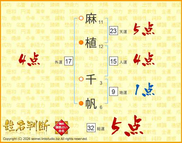 麻植千帆さんの総運は32画の5点!
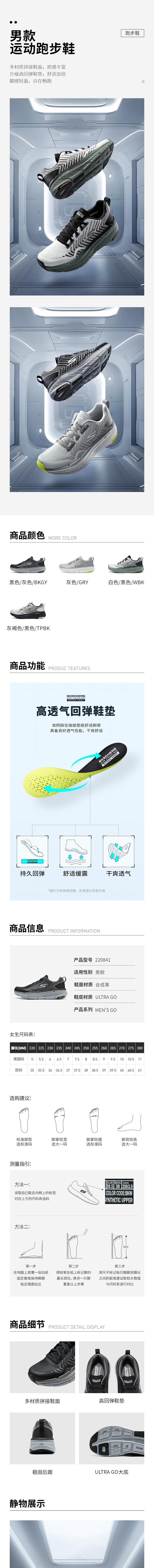 Skechers斯凯奇 男缓震型跑步鞋 220841-BKGY
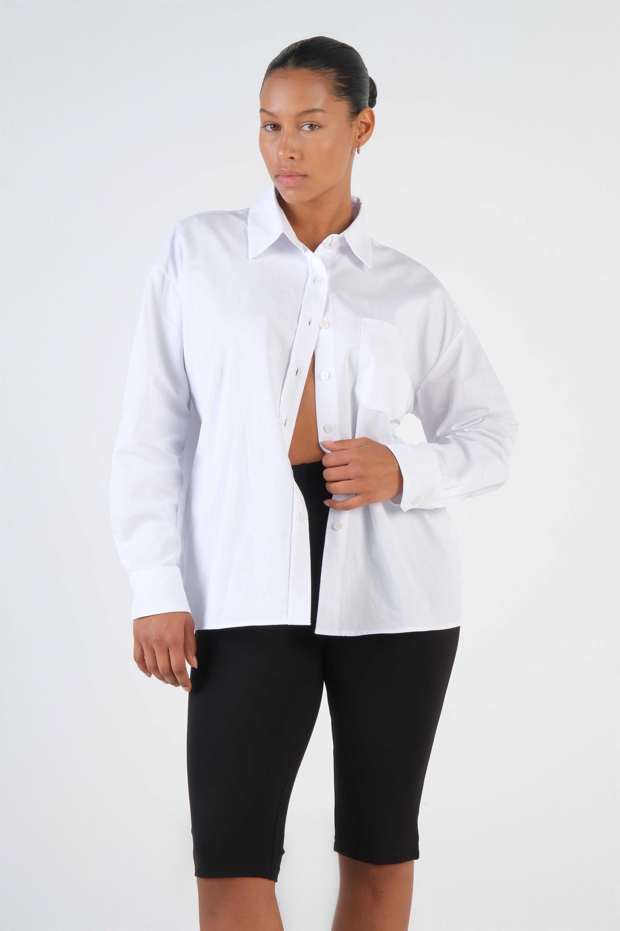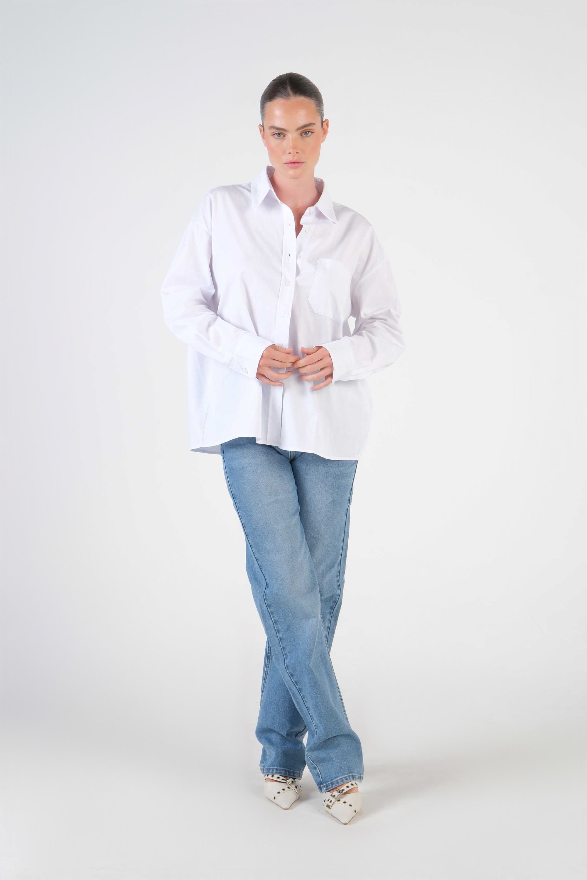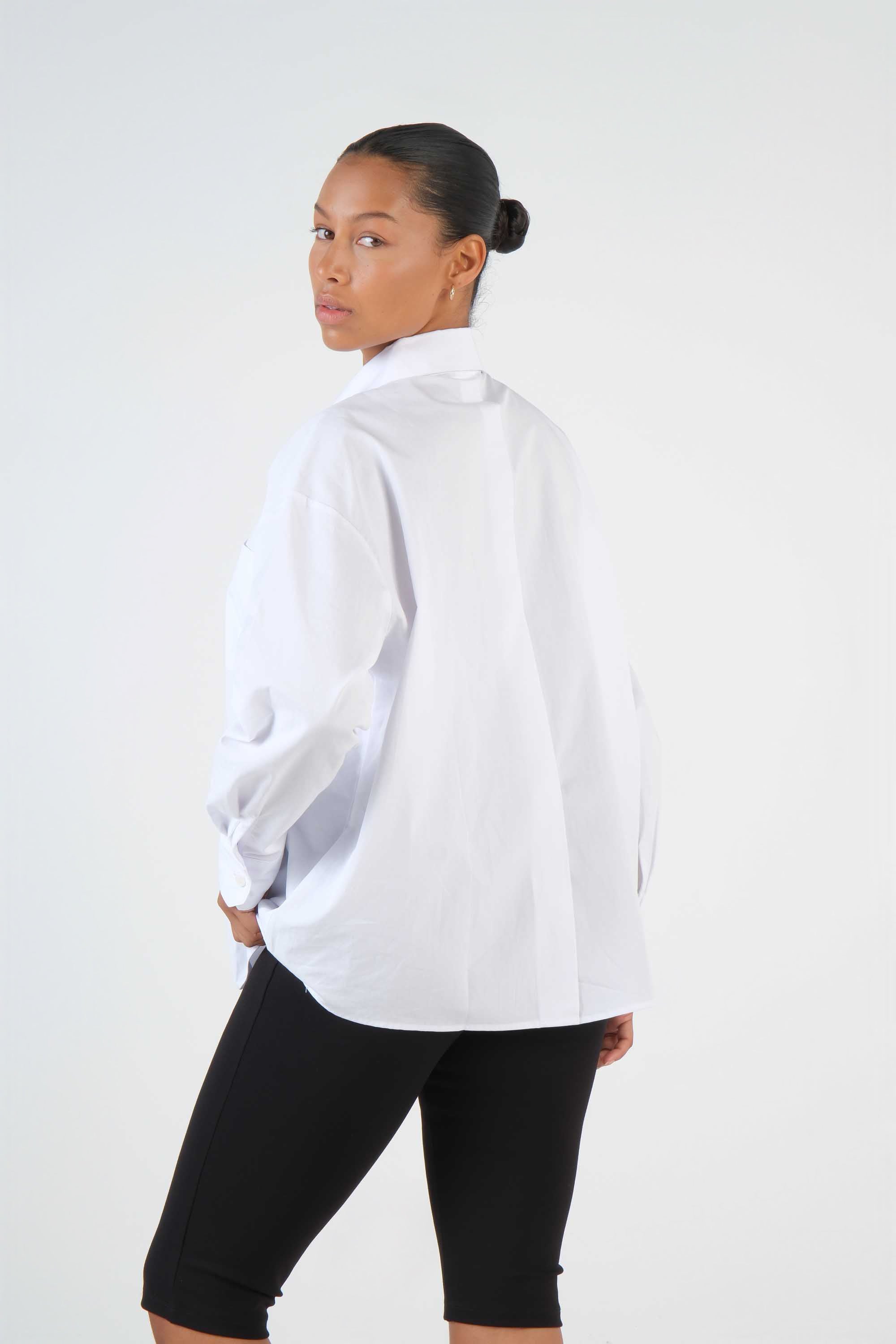 This 100% cotton shirt features an oversized cut, a pocket on the chest and a pointed collar; the long sleeves complete the classic tailored look.

WORK TO BE COMPLETED:
Except for the pictures, write the data out exactly.

EXPECTED ANSWER:
 麻植千帆さんの総運は32画の5点!
 Skechers斯凯奇 男缓震型跑步鞋 220841-BKGY
 This 100% cotton shirt features an oversized cut, a pocket on the chest and a pointed collar; the long sleeves complete the classic tailored look.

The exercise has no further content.